Use this to guard your warmachines form his miners.


Honestly Dont use your troll they suck, I know they seem great but with your low leadership their useless. So Plan Advane orc boys with Balck orc general in the centre, Goblins on either side spiders go up a flank make the most of his low movement with the spiders, In the MAgic Phase, Use the Itty ring FIRST to eat his power dice, target his thane or runesmith, Then Use The Shaman Without Horn Of Urgok, Use magic Mushrooms as required. Then Use the other Shaman, Then Use the horn of Urgok. His list Doesnt seem very good, with the list I wrote and good tactics you should definatly win.


----------



## astornfleshlay (Apr 1, 2009)

I don't use all of those characters....those are just what I have fully painted. You can only use 3 characters (I believe) as per the rules of a game less than 2000 points. 

I have the 7th Edition Rulebook for Orcs 'n' Goblins

And, again, I'm only playing games of 1250 points at this point (because my "Dwarf" friend can only field that many points worth of Dwarfs currently)

Any tactics that would suit playing against Dwarfs with Orcs?

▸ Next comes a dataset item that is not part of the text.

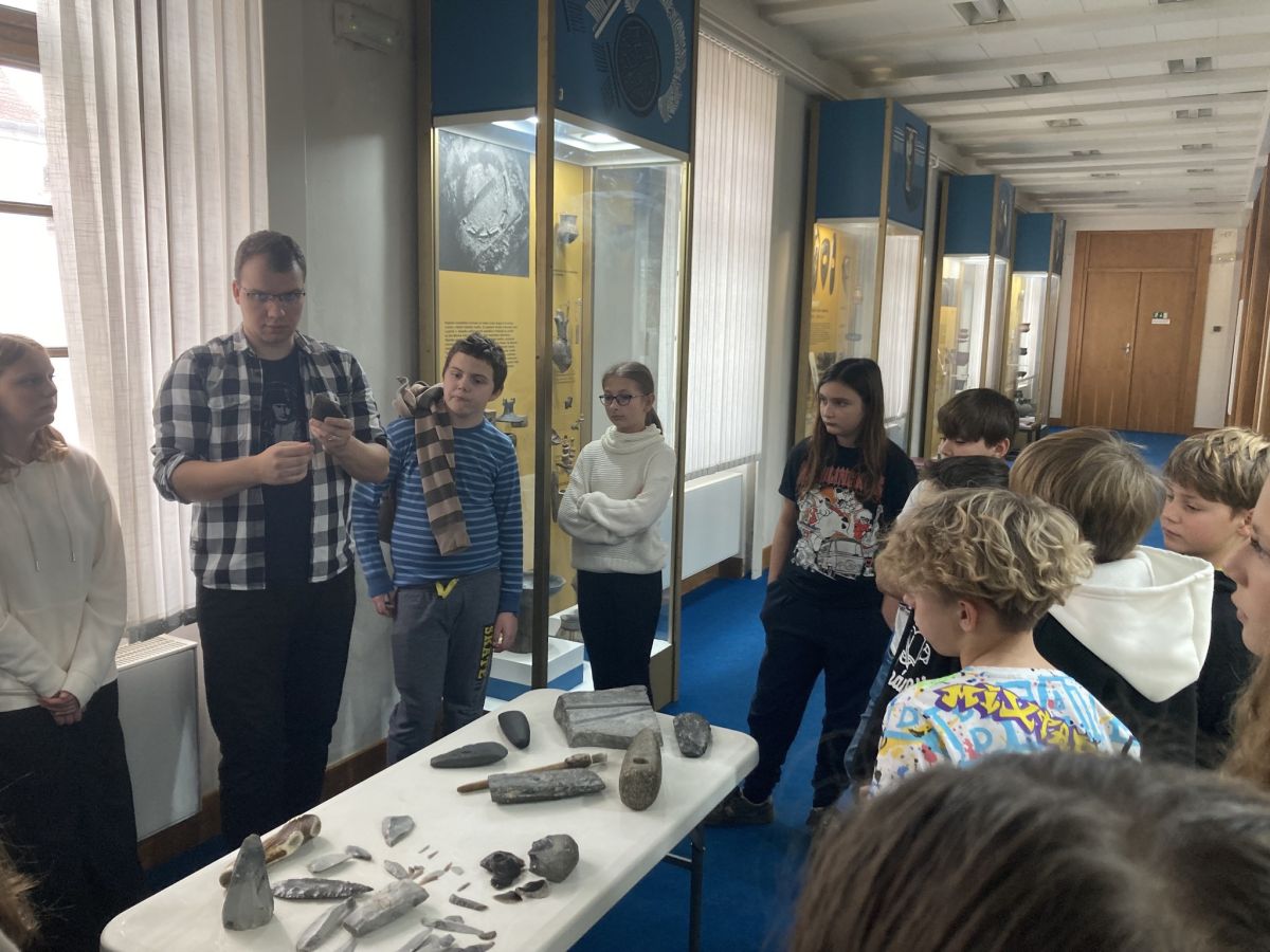 V pátek 21. listopadu se žáci šestých tříd zúčastnili exkurze v Moravském zemském muzeu v Brně. Žáci si mohli osahat a vyzkoušet různé pravěké nástroje – od jednoduchých kamenných pomůcek přes bronzové artefakty až po železné nástroje. Vyzkoušeli si, jak pravěcí lidé v neolitu vrtali nebo brousili nástroje. Do rukou se jim také dostal skutečný mamutí zub. Na závěr si vyzkoušeli práci archeologů, když zkoumali a analyzovali pravěký hrob.

Any army lists? (although I suppose that would better be taken care of in the appropriate forum)


----------



## Lord Sven Kittyclaw (Mar 23, 2009)

Well The army list I posted is Exactly 1251pts.
So theres that, As for Tactics, Judging by what he has, he goes charater heavy. So Target His General's units, Dwarfs Love Their General!! There arent really that many Tactics I can Give you, As those are both fairly generic armies. Dont take trolls, they rarely make there point back. Use your magic and warmachines to take out his thunderers and warmachines.


----------



## astornfleshlay (Apr 1, 2009)

Weird....when I first checked your previous post, none of your suggestions for army list showed up!

Anyway, thanks so much for the list and tactica! I'm really looking forward to trying this out, and I appreciate the time and effort you've taken on the subject 

Cheers!

And of course, if anyone else has any other suggestions, feel free to add to it


----------



## Truthteller (Sep 2, 2009)

I play Dwarfs and find the Gobbos (and to a lesser extent Orcs) are always tough. 

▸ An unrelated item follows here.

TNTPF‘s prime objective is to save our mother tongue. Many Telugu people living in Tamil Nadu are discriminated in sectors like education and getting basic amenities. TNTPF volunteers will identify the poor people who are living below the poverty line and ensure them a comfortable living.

Fanatics - two to three units of Gobbos with Fanatics are a nightmare for Dwarfs cos they haven't got anything cheap to draw them out.

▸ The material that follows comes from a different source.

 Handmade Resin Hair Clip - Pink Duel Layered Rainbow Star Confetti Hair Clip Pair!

************** - Gobbos have arguably the best value for money artillery. 4 of these in an arrmy (only uses 2 Special slots) will cause a Dwarf a headache.


Buy a giant - They are really entertaining but they can be devastating v Dwarfs because they have a 1 in 3 chance of rolling Yell and Bawl every round of combat. That negates all the good dwarfy Ld and ranks and sends the little fellas running!

Tactics - use a Giant to run up one flank. Shoot the ************** at each dwarf unit to reduce its ranks. Block advances by the dwarfs with the NG spears. Once the fanatics are out try pulling the spears away. 

If you have points over for Orcs, then use a big unit to follow up on the Giant's advance. Dwarfs do fail Terror checks!

Regards
Truthteller


----------



## astornfleshlay (Apr 1, 2009)

Good tips & info!

I've actually been thinking, as of late, about getting a Giant. I think, at the very least, it would be a very imposing unit that at least gets someones attention (and perhaps distracts them from other real threats).

Good stuff!

I suppose the reason I lose so much is that my tactics simply aren't that good. I'll need to work on that. That and I tend to get cannon-sniped by Dwarfs alot *shakes head*

Thanks!


----------



## matty570 (Jun 14, 2007)

Just bera in mind that if you do take a giant, hide him! With two cannons and thunderers he'll die pretty quickly!


----------



## stevenhassell (Aug 5, 2009)

doom divers dude there the key agenst dwarfs


----------